Dejarse cautivar por cualquier “cachivache” en las tiendas es el hábito de muchas personas. “Ay, qué lindo estuche para celular, voy a comprar” es la expresión instantánea de aquellos que no saben manejar su dinero, pues aunque ya tengan más de 20 fundas para teléfonos, por si acaso, vuelven a invertir en otro decorado para el cel.

Una de las características que tienen los compradores compulsivos es que su condición de consumidor no es normal, ya que se pasan recolectando cosas repetidas o que no les van a servir.

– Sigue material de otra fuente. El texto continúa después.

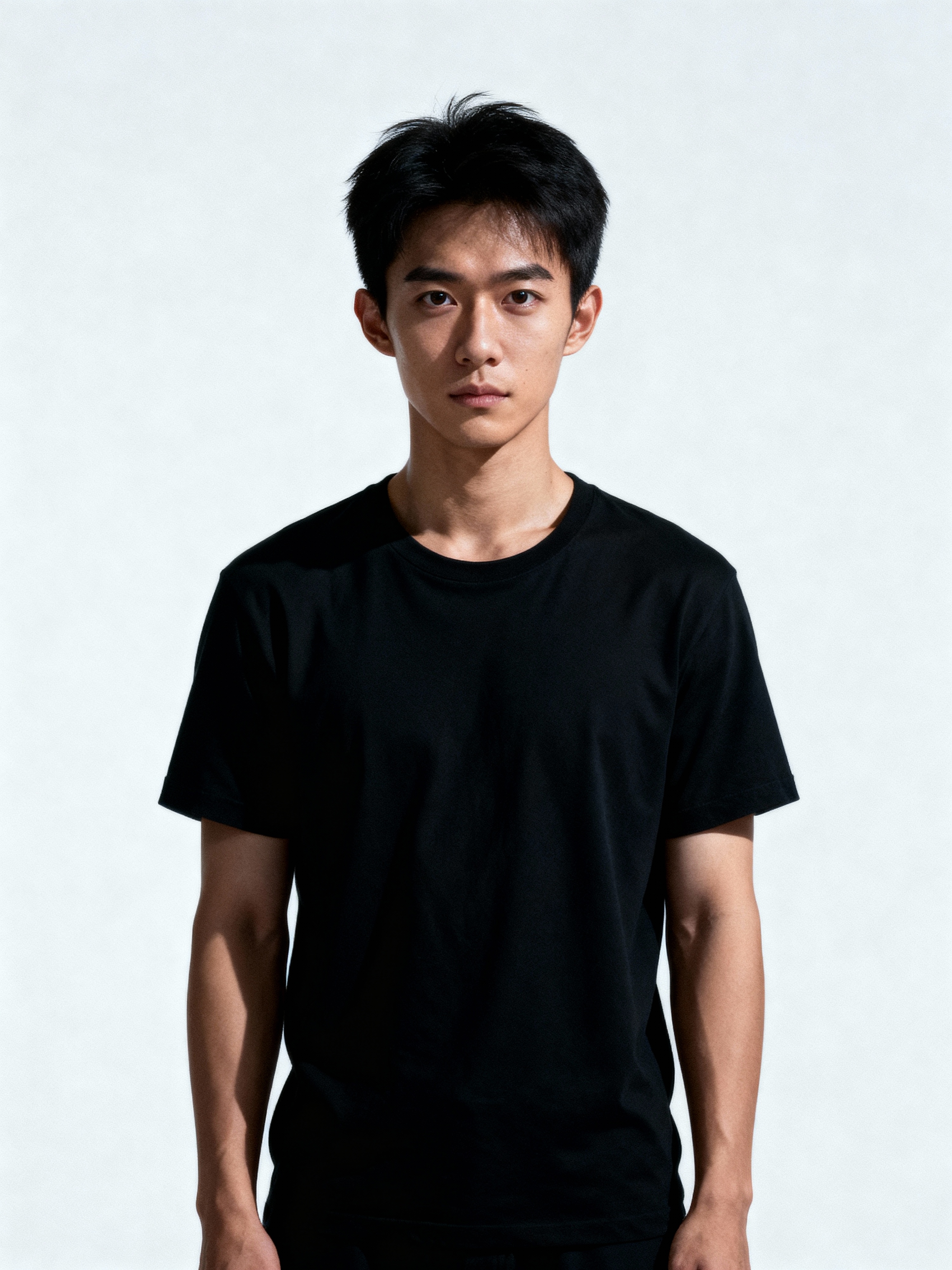 model looking straight into camera with mouth closed and no emotion. plain background. wearing black t-shirt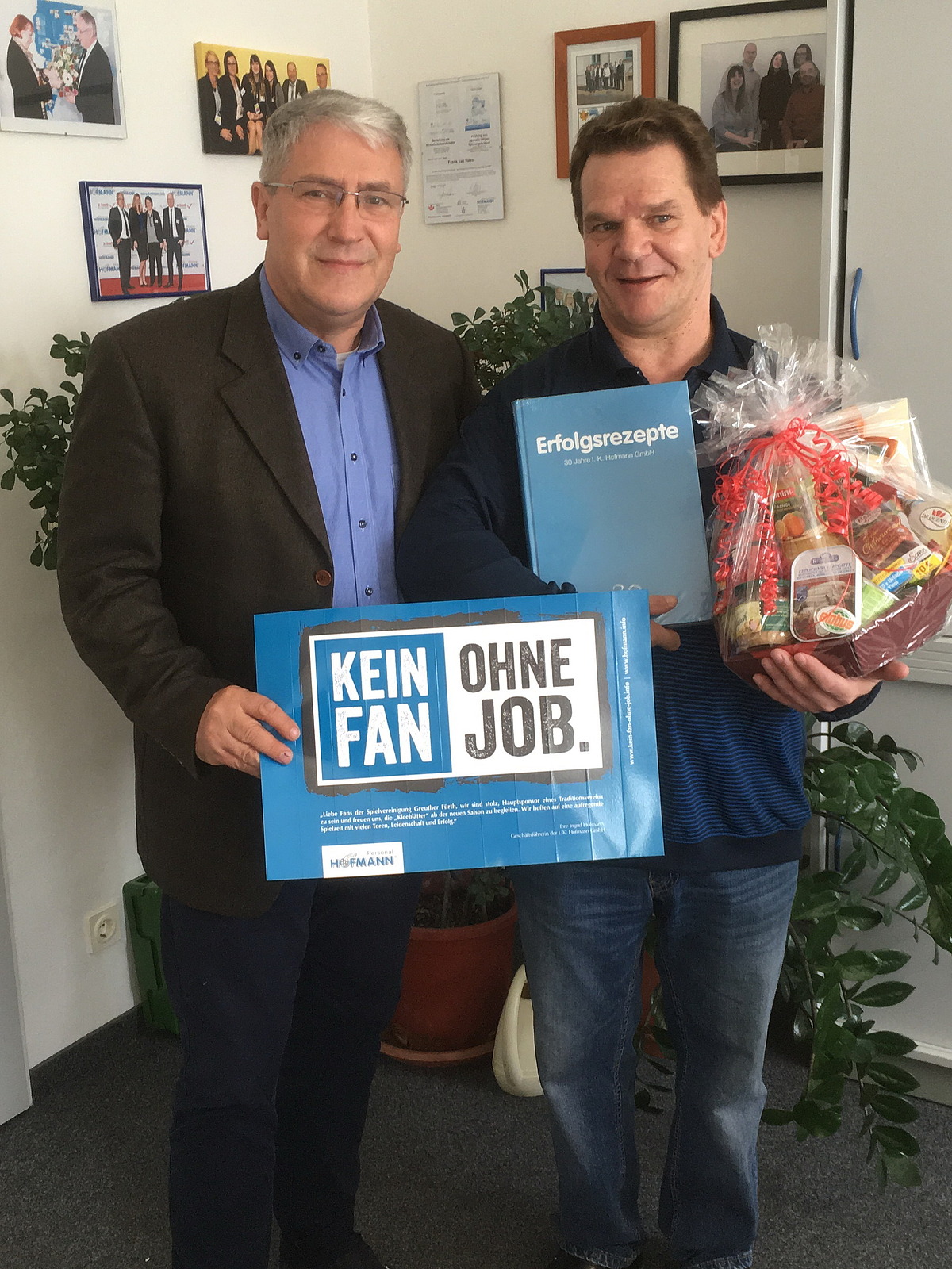 Seine Leidenschaft für Sport, insbesondere für Fußball, teilt Lutz Wettmann mit vielen Hofmann-Kollegen. Darum tritt unser Unternehmen nun verstärkt als Sponsor verschiedener Sportarten auf, verbunden mit der Kampagne „Kein Fan ohne Job“.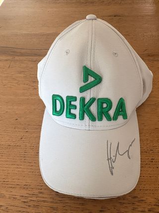 Cappellino Dekra nuovo, con logo ricamato. - Colore bianco - Logo Dekra verde - Firma autografa sul frontale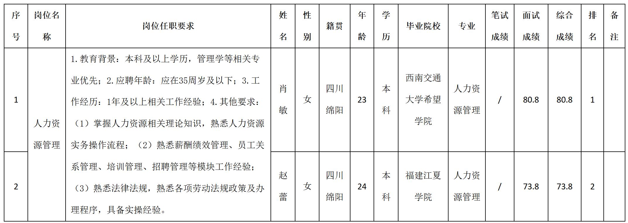 根據(jù)四川九州電子科技股份有限公司發(fā)布的招聘公告及招聘相關(guān)規(guī)定,經(jīng)筆試、面試等程序,現(xiàn)將筆試(面試)成績(jī)予以公示。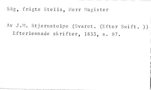 Säg, frägte Stella, Herr Magister //// Av J.M. Stjernstolpe (Svaret. (Efter Swift. )) Efterlemnade skrifter, 1833, s. 97.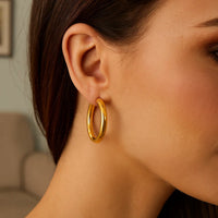 Elegant sterling silver yellow gold plated round hoop earrings featuring a polished finish and classic circular design. Lightweight and versatile, these radiant hoops bring warmth and sophistication to any look, perfect for everyday wear or special occasions.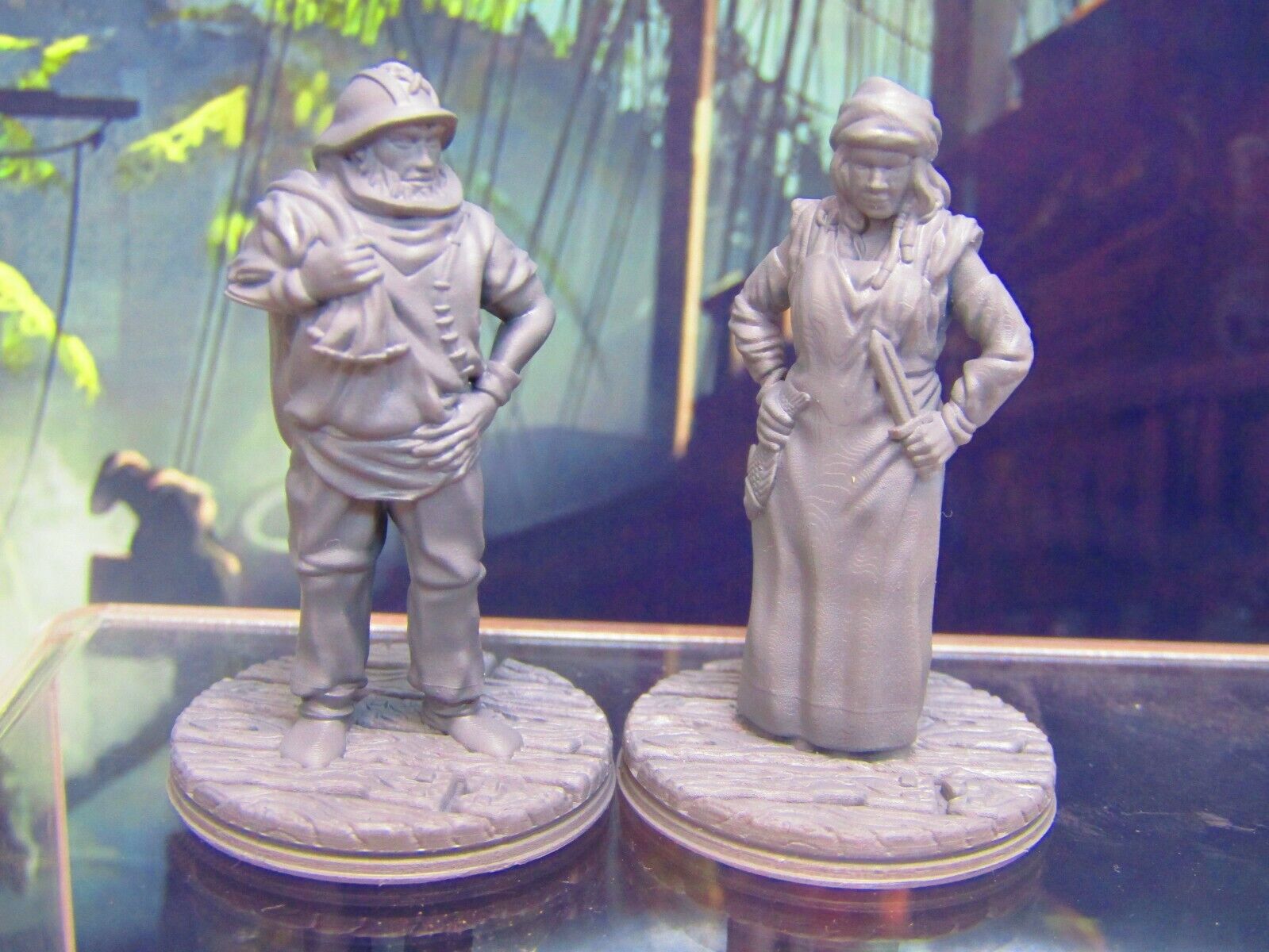 Fisherman + Wife Seaside Fishfolk Mini Miniature Figure 3D Printed Model 28/32mm

Para llegar a una idea, un ícono de este problema puede ser la expresidenta de Argentina, Cristina Fernández, quien había invertido montañas de dólares en miles de pares de zapatos.

Según estudios de la UNAM Global, la compra exagerada es un trastorno que puede surgir como resultado de emociones primarias, como, por ejemplo, el aburrimiento. Además, esta enfermedad es asociada con la adicción, pues una persona que gasta y gasta su dinero, en ocasiones, presenta síntomas de ansiedad, depresión e impulsividad; entonces, aquellos que tienen plata y están tekorei 24/7 tienden a ser compradores excesivos.

Por otro lado, la excusa perfecta de un consumista al extremo, para caer en tentación y no sentirse culpable, son las ofertas de temporadas, las liquidaciones, promociones televisivas o el fenómeno del Black Friday. Imaginate si estas personas gastan su plata en exceso en días de precios normales, en otros donde todo está más barato, seguro quiebran.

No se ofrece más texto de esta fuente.